I am facing a problem using tidy.
I am trying to convert a html to xml. Tidy has been a great
help to me for this, but I am facing some problems in some cases.

The Tidy works fine when I save the html page from the browser
and the html is converted to xml witjout any errors with some
warnings.
However When I  download it using a program and then run tidy
it gives me errors and I cant convert html to xml.

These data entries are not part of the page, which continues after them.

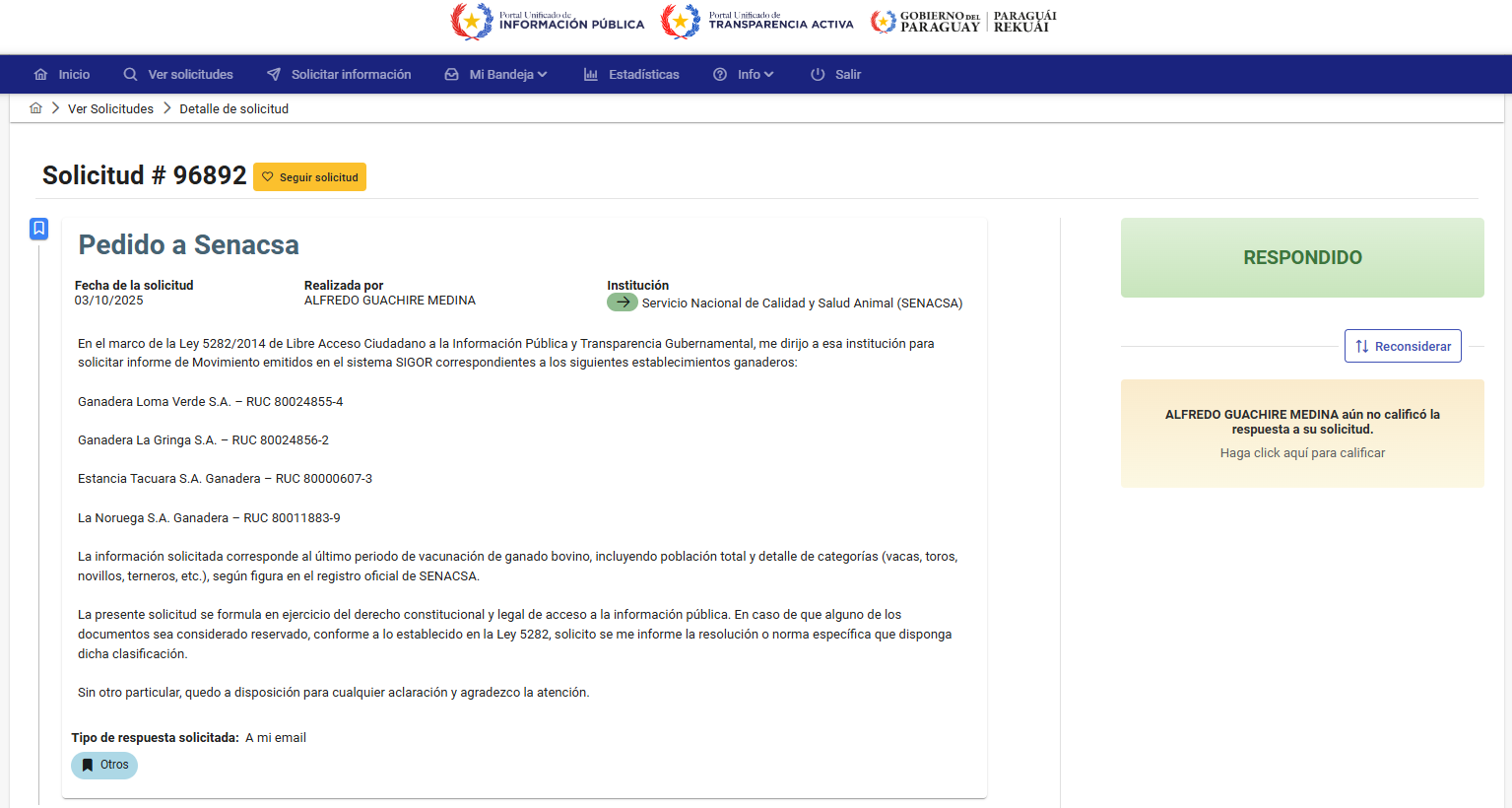 El pedido de acceso a los registros fue realizado a través del Portal Unificado de Transparencia y respondido por SENACSA con una resolución firmada por el Dr. José Carlos Martin Camperchioli, presidente de la institución. En su dictamen, la asesoría jurídica del organismo sostuvo que los datos del SIGOR “afectan el derecho a la inviolabilidad del patrimonio documental privado”.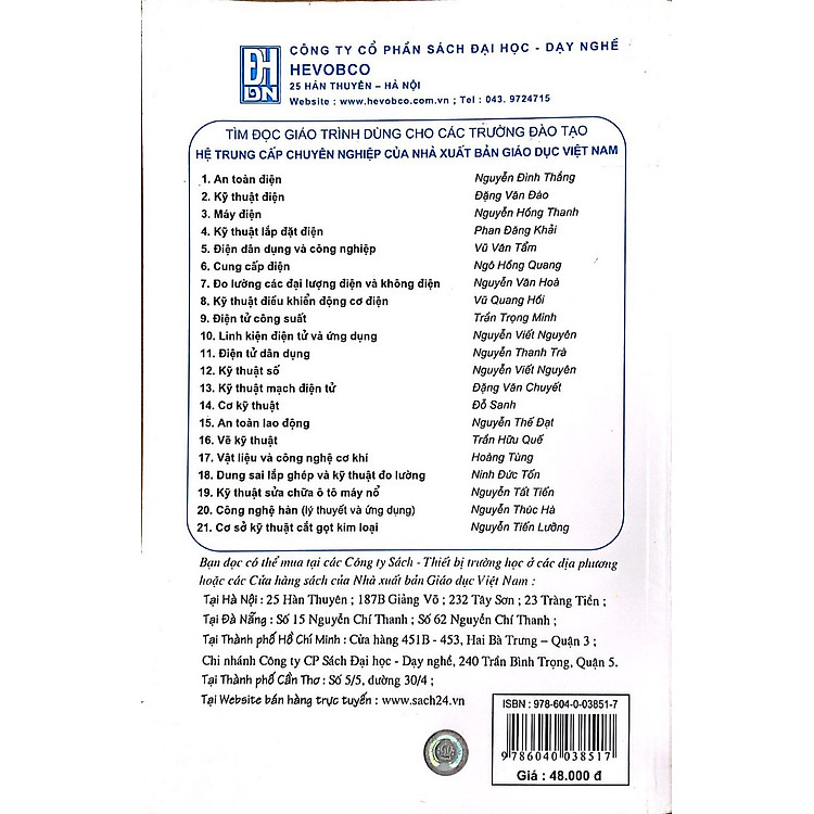 Hãy đến ngay Cửa hàng Sách HEVOBOOKS để sở hữu quyển giáo trình Cung cấp điện, một công cụ học tập không thể thiếu cho những ai đang theo đuổi ngành nghề này!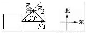 如图(俯视),物体静止在光滑水平桌面上,一个水平向东的F1作用在物体上,但要使物体获得方向东偏北 30的加速度,那么必须同时对物体施加另一个作用力F2,F2的最小值为( )A.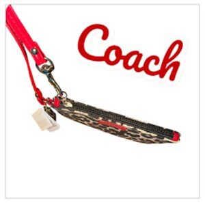 NWT~ Coach Leopard Print Wristlet~ Red Trim~ Coach Tag~ So cute!~ Must Have(D17)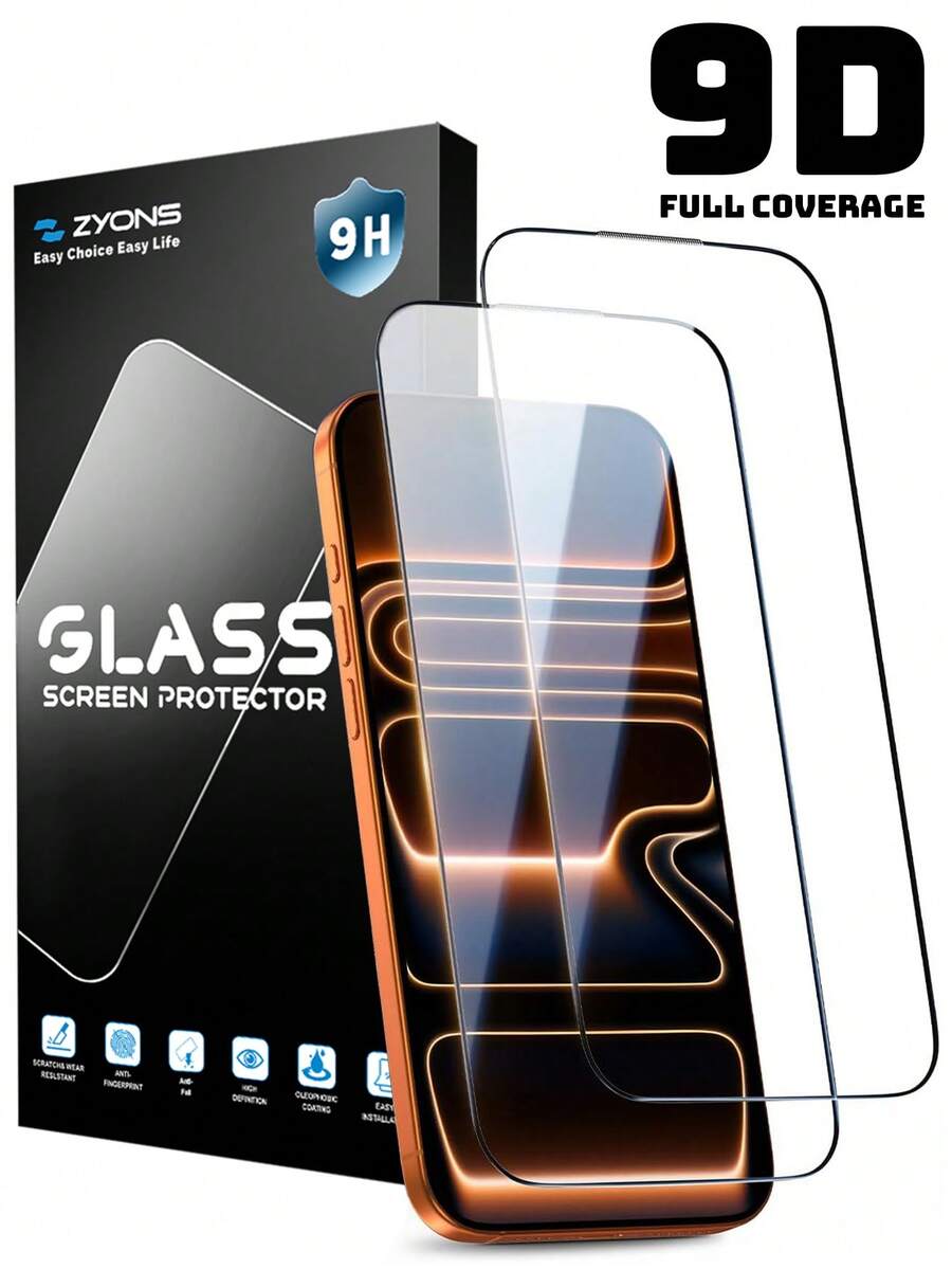 ZYONS 2pcs Tempered Glass Screen Protector Full Screen Coverage High Transparency Tempered Glass Screen Film Compatible With IPhone 17 Pro Max/17 Air/16e /16 Plus/16 Pro Max/15 Pro Max/14 Pro Max/13 Mini 12 11 Pro Max X XR XS Max Protective Glass Film, Anti-Fingerprint, Clear HD, 9H Hardness, Shockproof, Perfect Adhesion, Case Friendly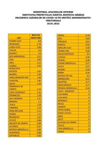 | Nr.crt. | JUDEȚ | LOCALITATE | POPULAȚIE | CAZURI | INCIDENȚA |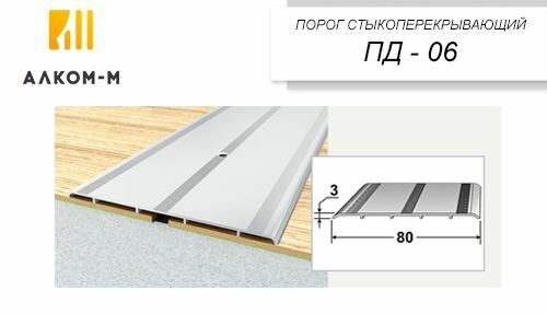 Порог алюминиевый стыкоперекрывающий одноуровневый стык (ПД 06) 80x3 1800 мм мербау 2 196 ₽
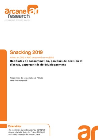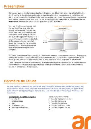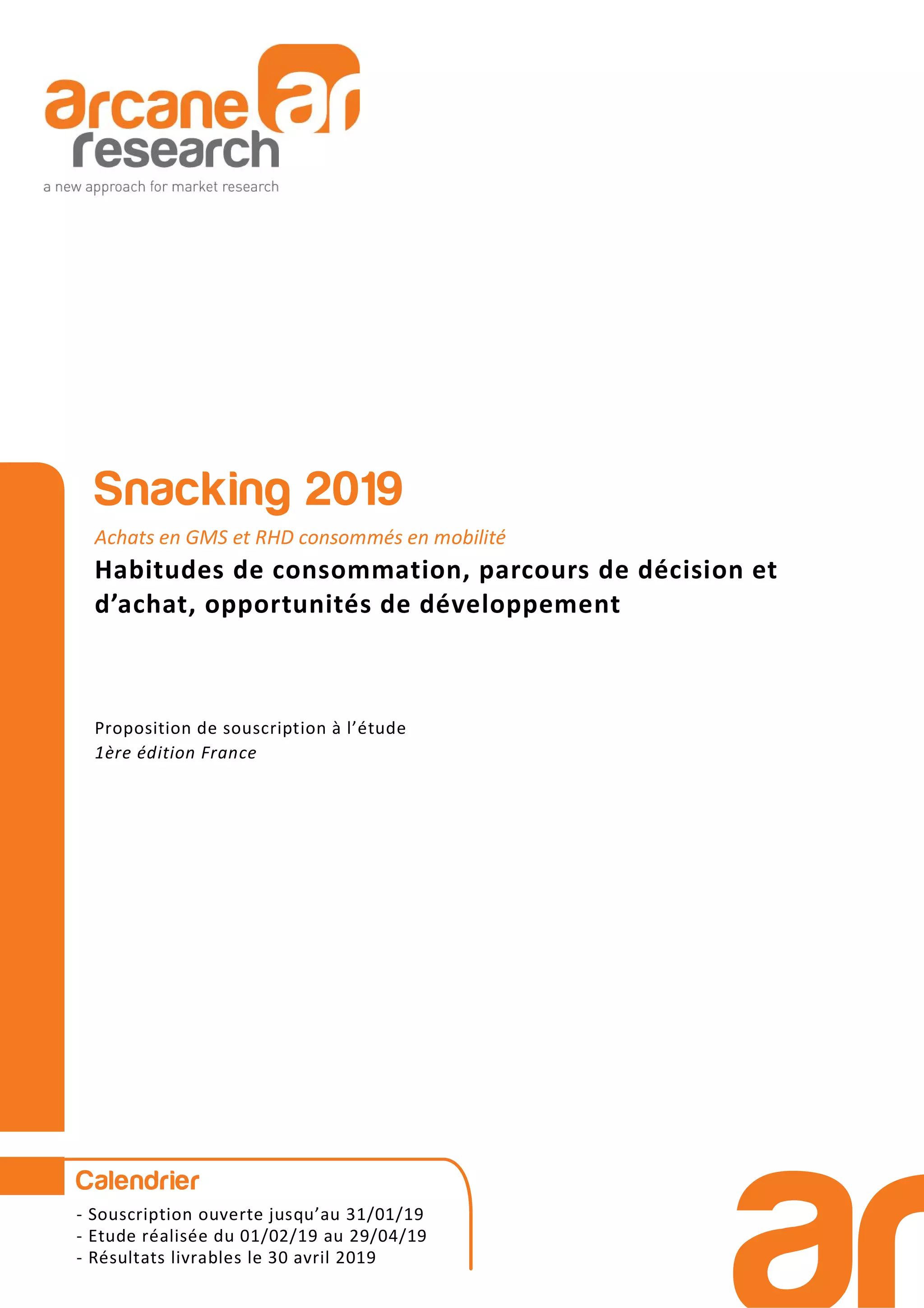 L'étude sur le snacking examine les habitudes de consommation en mobilité, en croisant les données des circuits GMS et RHD pour identifier les opportunités de développement sur le marché. La première édition est prévue entre février et avril 2019, ciblant un échantillon représentatif de 6000 Français, avec des livrables attendus le 30 avril. Cette recherche permettra de mieux comprendre le parcours décisionnel des consommateurs et leurs attentes vis-à-vis des produits de snacking.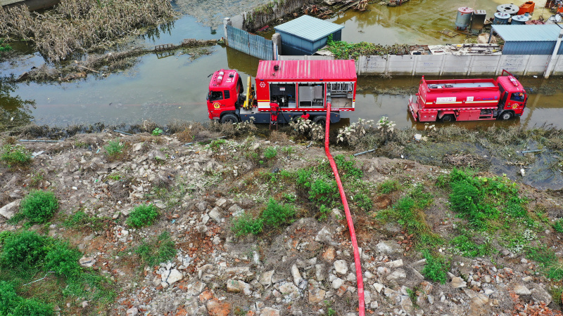 Plus de 800 secouristes envoyés par Tangshan, Handan, Hengshui et d'autres villes de la province oeuvrent 24 heures sur 24 dans les zones les plus inondées de Zhuozhou, afin de permettre le retour à la normale le plus rapidement possible. - Photo : Mu.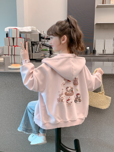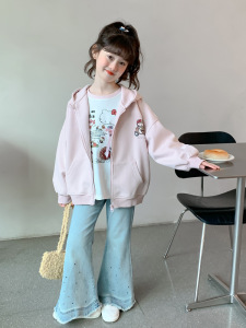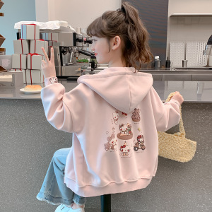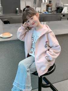 女童秋装连帽卡通卫衣开衫2025新款中大童韩版洋气上衣拉链外套潮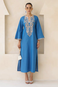 Azura Kaftan with rich metallic thread work in the front of the kaftan or sleeves.
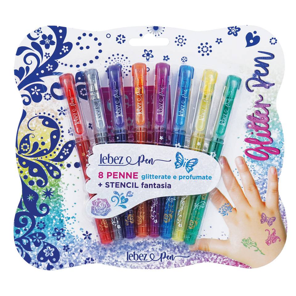 Penne gel glitter con cappuccio e inchiostro profumato + stencil Lebez – colori assortiti – 5340 (conf.6)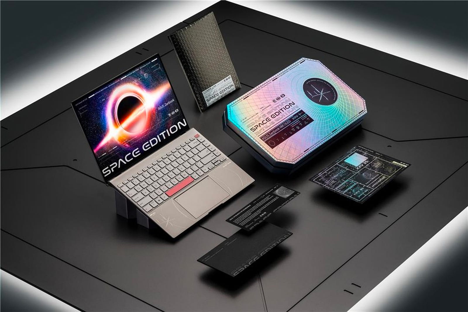 Theo tinh thần chinh phục khám phá, Zenbook 14X OLED Space Edition ẩn chứa nhiều bất ngờ thú vị thể hiện qua mã Morse và nhiều họa tiết tinh tế trên toàn bộ máy. Sản phẩm có thiết kế độc đáo với chủ đề vũ trụ, được lồng ghép tài tình trong các đường nét, màu sắc và công nghệ mới. Máy có lớp phủ màu Zero-G Titanium đại diện cho loại vật liệu được sử dụng rộng rãi trong quá trình chế tạo tàu vũ trụ.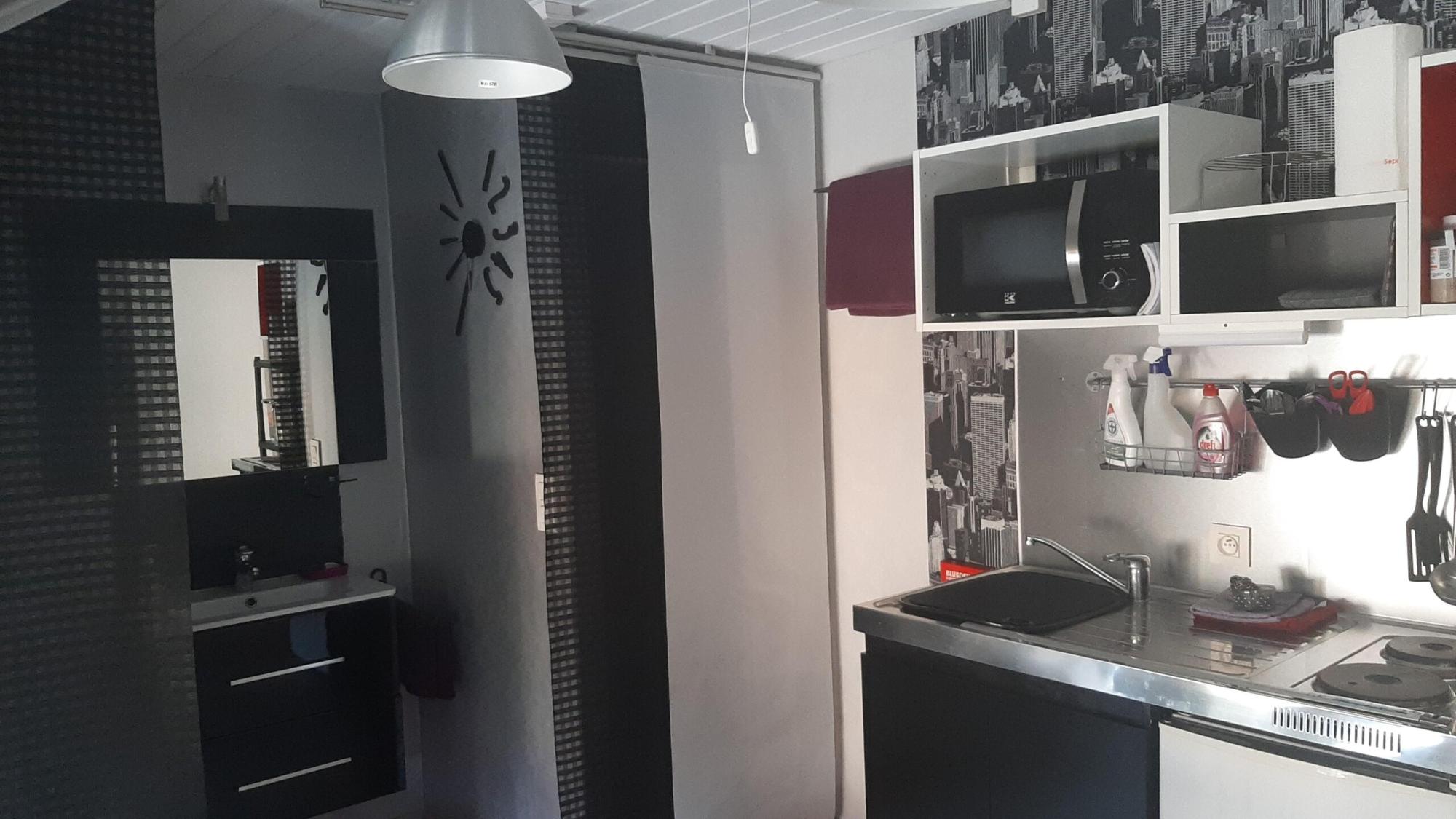 Je mets à votre entière disposition une chambre nouvellement équipée. Elle comprend : lit, placard, bureau. Une autre pièce avec kitchenette (four micro ondes, frigo, plaques électriques, congélateur, salle de bain, rangement.
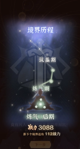 大人可看到左侧的战力要求了?弟子修行时只要战力达标,就能着手进行境界突破。目前境界从低到高依次划分为【炼气】、【筑基】、【结丹】、【元婴】、【化神】这五个阶段。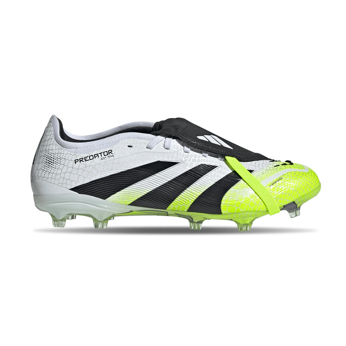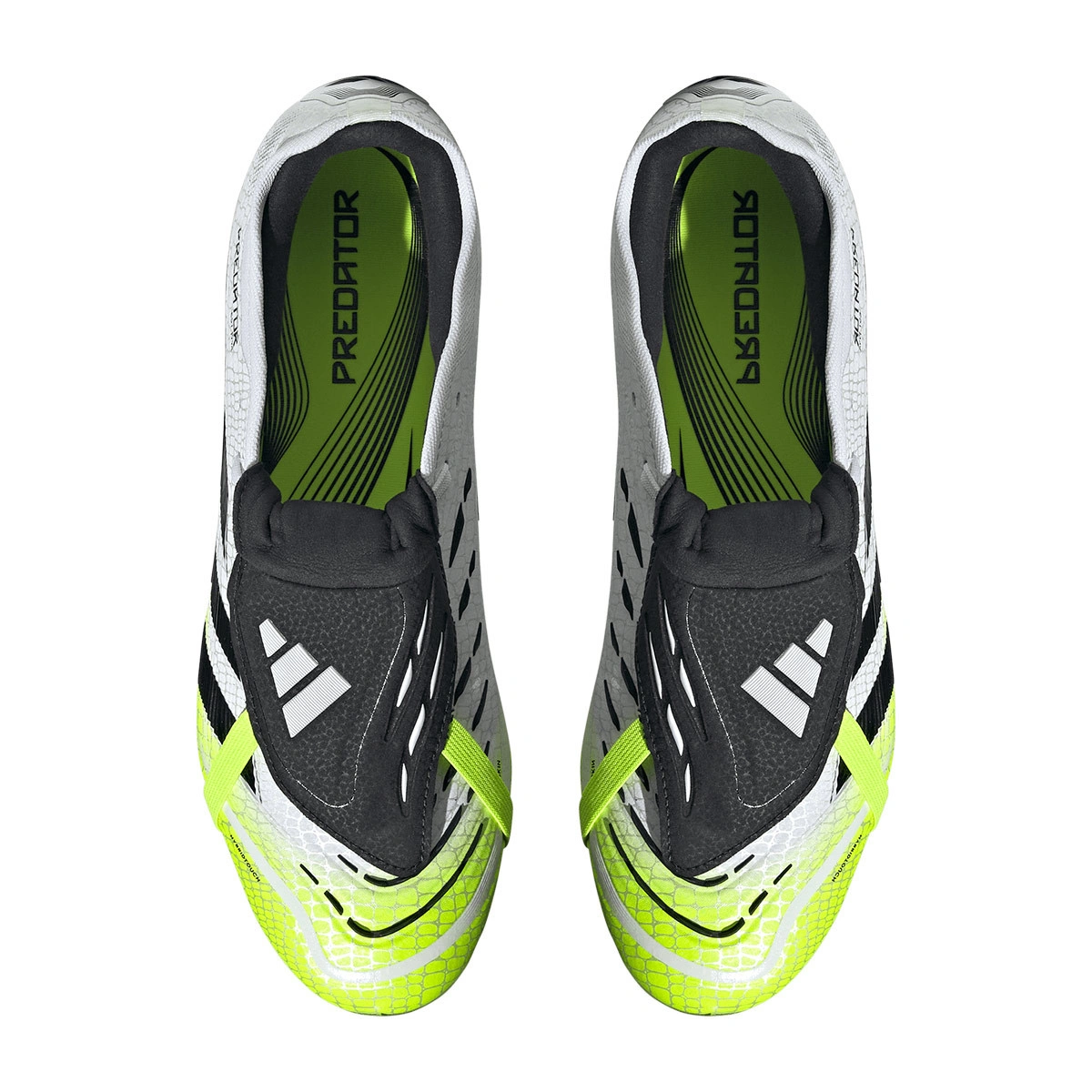 Chaussure Predator Pro FT FG de la marque adidas en coloris White-Core Black-Lucid Lemon. Chaussure de gamme moyenne pour terrains en gazon naturel.
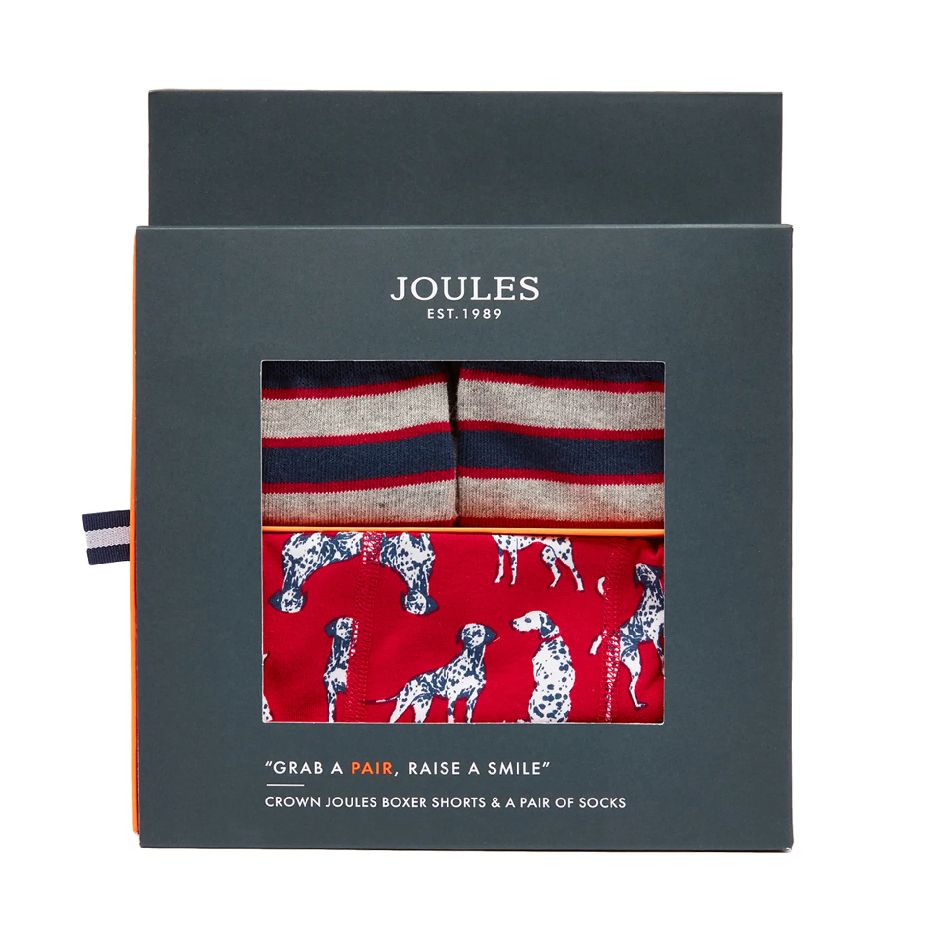 Question(s) answered about Joules Put A Sock In It Sock and Boxer Gift Set - Red Dog

This is sample code in java I use to download a html:
      InputStream in = null;
      OutputStream out = null;

      URL url = new URL("http://"+siteurl);   // Create the URL
      in = url.openStream();        // Open a stream to it
      out = new FileOutputStream(filename);

          // Now copy bytes from the URL to the output stream
          byte[] buffer = new byte[4096];
          int bytes_read = 0;
	  while(true)
	  {
	      bytes_read = in.read(buffer);
	      if(bytes_read == -1)
		break;
              out.write(buffer, 0, bytes_read);
	  }

I use this command to convert an html to xml:
tidy -asxml slash.html >slash.xml

The html used for my experiments is www.slashdot.com.

The errors I got are: 
181 warnings, 11 errors were found! Not all warnings/errors
were shown.

This document has errors that must be fixed before
using HTML Tidy to generate a tidied up version.

URIs must be properly escaped, they must not contain unescaped
characters below U+0021 including the space character and not
above U+007E. Tidy escapes the URI for you as recommended by
HTML 4.01 section B.2.1 and XML 1.0 section 4.2.2. Some user
agents
use another algorithm to escape such URIs and some server-sided
scripts depend on that. If you want to depend on that, you must
escape the URI by your own. For more information please refer to
http://www.w3.org/International/O-URL-and-ident.html

You may need to move one or both of the <form> and </form>
tags. HTML elements should be properly nested and form elements
are no exception. For instance you should not place the <form>
in one table cell and the </form> in another. If the <form> is
placed before a table, the </form> cannot be placed inside the
table! Note that one form can't be nested inside another!

The alt attribute should be used to give a short description
of an image; longer descriptions should be given with the
longdesc attribute which takes a URL linked to the description.
These measures are needed for people using non-graphical browsers.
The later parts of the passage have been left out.